Tuesday, July 29, 2014
Ode To My Doggies...
Ode To My Doggies…
Oh doggies, why do you treat me so?
I feed you Milkbones, but you still go.
Under the fence, and up above,
No loyalty towards my care and love.
Walks twice a week, brushing and play.
But at the first opportunity, you run far away.
Science-diet, pigs ears too!
You’re still not happy, oh what should I do?
Dog park for social time, chew toys always.
And then you take off, sometimes for days.
Coming back, often with burs and a rash.
The neighbors are beginning to think that I’m trash.
This morning I opened a succulent can
Of minced-white meat turkey, and laid it out in your pan.
But before I could even call you to your feast,
You scrambled under the fence and ran off like a beast.
Your yard is all cozy,
Fenced in and protected.
But you still try to escape,
Leaving me flustered and rejected.
Do you have any idea the chaos you create?
When you sneak on out, through a dead bolted gate?
All day spent looking,
for your wandering ass?
Thats just NOT how it is done!
Not middle class!
Deep breath, now wait,I'm sorry, don't mean to snap,
it's the scratches talking, and burs and other crap,
From walking around and calling your name, in the woods and dark places,
this isn't a game!
Would it be all too much,
To show a little appreciation?
For the hundreds in vet bills,
And the stark resignation…
That I! I am your owner I say!
Your master, your leader in every way!
The neighbors are sick of it! The dog warden too!
Tell me, what is the problem? What should I do?
To stop you from leaving, to keep you at home?
To prevent your running to wander and roam?
I staked down the fence, I locked up the gate!
But still you escape through holes you create.
Is it too much to ask, for a dog who just lays?
And chews on the grass and frolics and plays?

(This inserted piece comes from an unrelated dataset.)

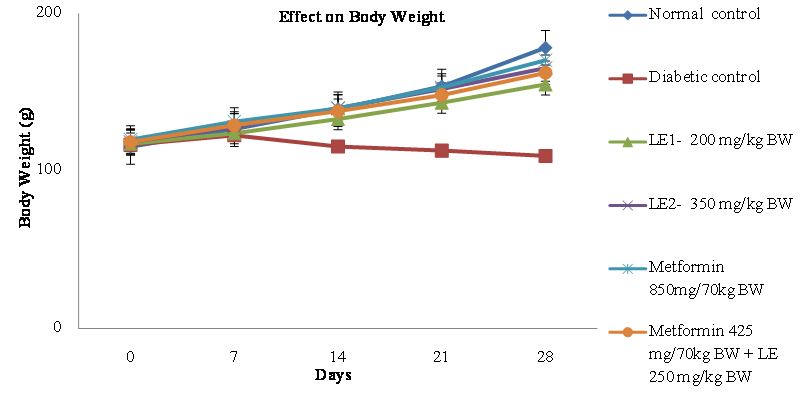 In the present study, in comparison with normal rats alloxan induced diabetic rats showed significant (P < 0.01) reduction in body weight. At the end of 28 days treatment, the body weight of normal rats, diabetic control, different doses of methanolic leaf extract and metformin treated rats were observed (Table 4 & Figure 8). After four weeks treatment with methanolic leaf extract of S. japonica

Was it the spaying? Did it build up resentment?
Instead of fostering trust and contentment?
Some say, alas, gasp, that an electrical fence
Is my last ditch sole option…and furthermore hence,
If you continually refuse to keep yourself inside bounds,
I may have to chain you like less independent hounds.
So please heed my words, neither bitter nor gray,
Please stay inside the yard when you want to play.
I beg you, I plead! To stay put where you are,
Forgo the back gate, when its slightly ajar.
Leave off all your wandering, horn-dogging lust,
And stay in the yard! You have to! You must!
What’s so great out there anyways? Squirrels and skunks?
Coming home at all hours after chasing those punks?
I just can’t afford the Invisible Fence,
I’ll have to restrain you, its my only defense.
You’ll find yourself chained in a gated back yard,
It will make frolicking so very hard.
I implore you to consider these words that I say,
and act like a good doggie in every way.
I promise to praise you, throw the ball too,
And show love, and affection and attention to you!
Together we will lay in the grass and the sun,
And in our OWN yard, we will have so much fun!
Thursday, May 8, 2014
And All The Balls Fall….
And All The Balls Fall…… What?
So sometimes I drop the ball. You know, that old saying when someone who screwed things up owns that shit and says “ I dropped the ball!” and everyone kind of nods and says “no problem”?
Only it really is a problem when you’re a single mom to three kids who depend on you to keep all the balls in flux.
You know, the balls? Like homework, and doctor appointments and orthodontia appointments, and track meets and baseball games and, oh, meals?
Sometimes, when all those things are juggling around like some vast circus in the air, sometimes it can be really, REALLY hard not to drop one. Especially when work is especially demanding and something like a cold or the flu throws a really sharp edge into your day, it can be even harder than usual to keep the juggling act flying.
This time it was a doctor appointment. , a simple check-in for a child who has high cholesterol at a particularly young age and needs to be monitored by a physician.
I knew about the check-in. It was on my calendar. I heard the reminder voice-mail. I had it on my agenda. How could I forget? The doctor is SO nice. She has answered my every semi-crazed call for help over the past year about all of my children.
Child #1 has a croupy cough…could it be swine flu?
Child #2 is extremely moody…could it be depression?
Child #3 has a strange rash on his leg…staph?
And I stiffed her. And my son missed his check-in for a relatively serious medical issue.
I don’t know how I forgot.
My brain says it was the intense meeting at work that distracted me, or the phone call Friday afternoon to discuss missing homework from the teacher of my other son. Maybe it was the email from the baseball coach, changing the time and date of practice? Or the in depth conversation with another child’s counselor that consumed my thoughts.
Whatever it was that made that doctor appointment slide off as a blip on the radar, it still sucks.
I dropped that ball like I had grease on my hands, and I am the only one to blame.
But, really, what can I do now? Pick that ball up, reschedule and keep juggling.
I have, after all, had much experience managing this show, and I know that sometimes, just sometimes, if you just grab that ball up and throw it back into the mix, sometimes not everyone notices. Or sometimes they do notice and it feels really shitty. But you have to keep juggling anyways.